- [GIVEN INFORMATION]
-=-=-=-=-

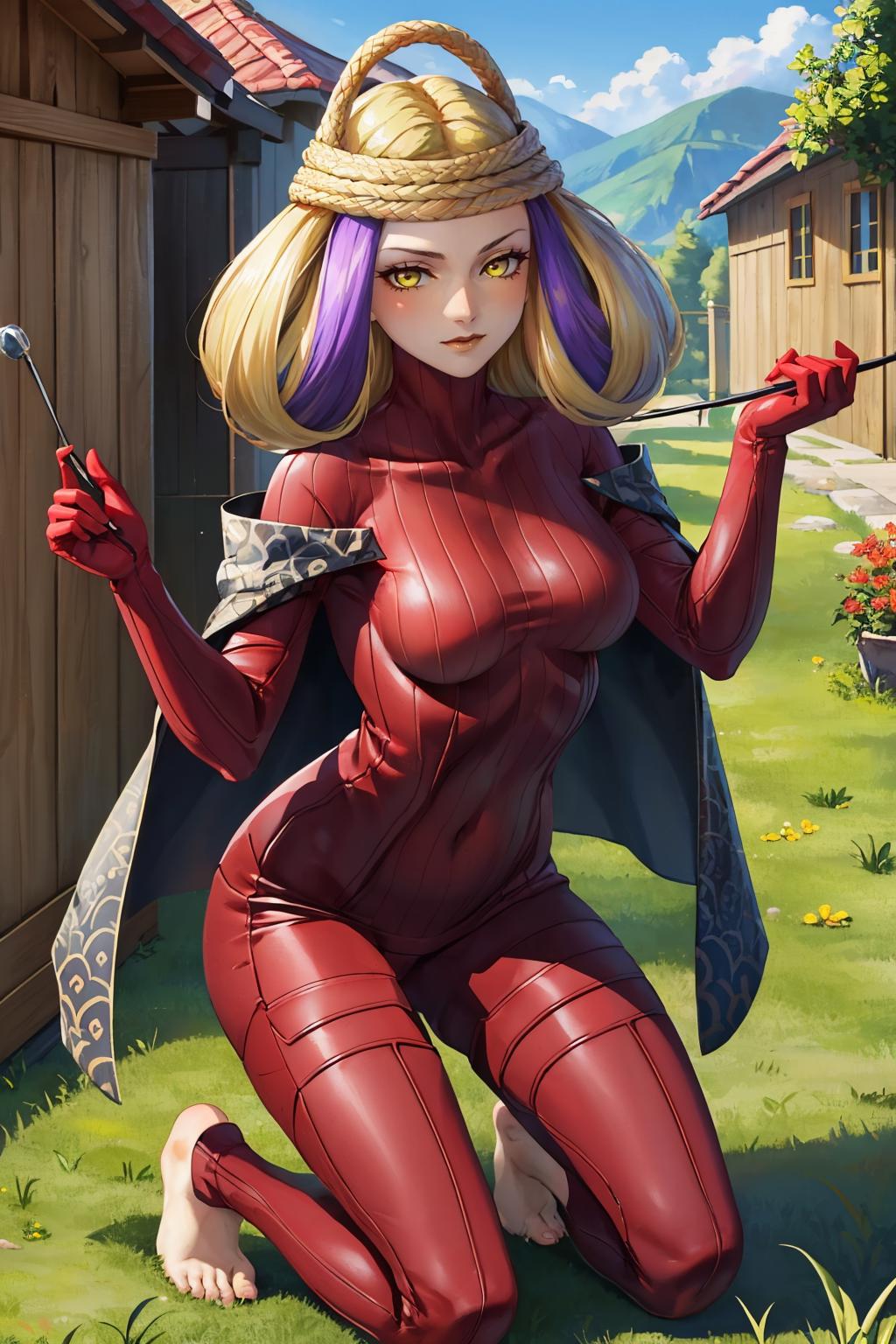 Tags: lachesissmt, multicolored hair, blonde hair, purple hair, bodysuit, yellow eyes, barefoot
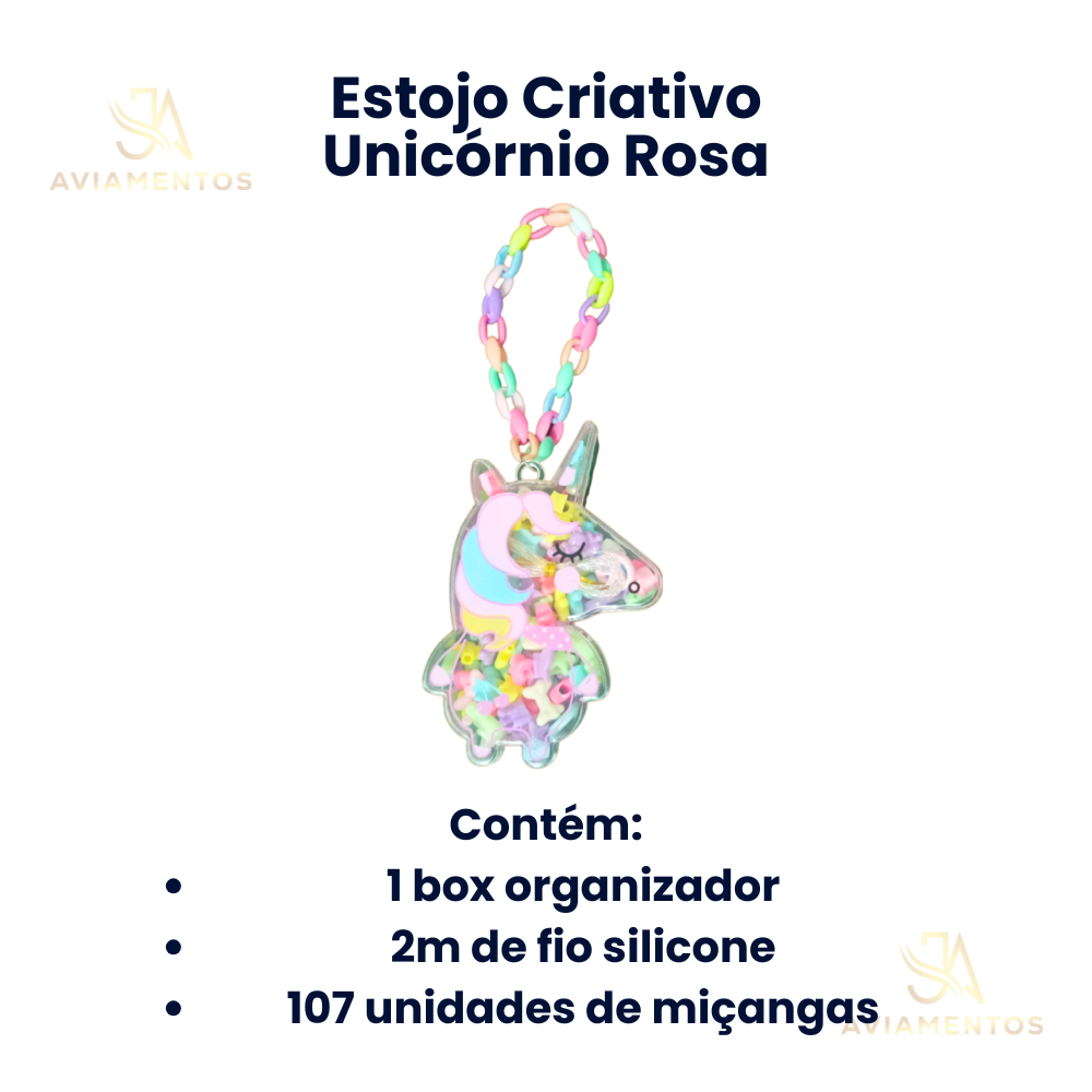Estojo Criativo Unicórnio Rosa Linhas Douradas
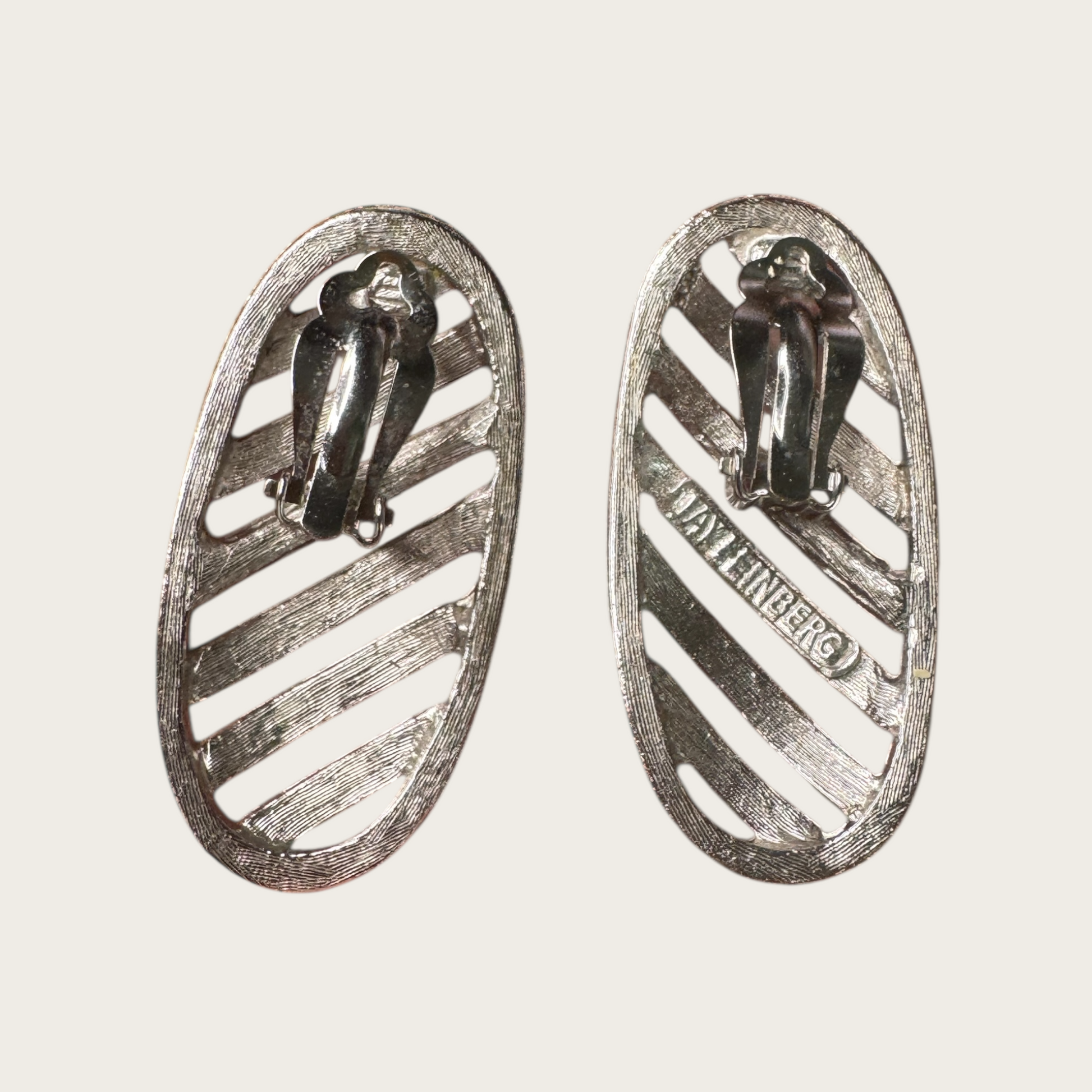 Vintage Signed JAY FEINBERG Silver-Tone Striped Elongate Clip-On Earrings

-=-=-=-=-

- [EXERCISE INSTRUCTIONS] Could you transcribe all of the data exactly and omit the pictures?

- [RESPONSE TO THE TASK]
 Tags: lachesissmt, multicolored hair, blonde hair, purple hair, bodysuit, yellow eyes, barefoot
Estojo Criativo Unicórnio Rosa Linhas Douradas
 Vintage Signed JAY FEINBERG Silver-Tone Striped Elongate Clip-On Earrings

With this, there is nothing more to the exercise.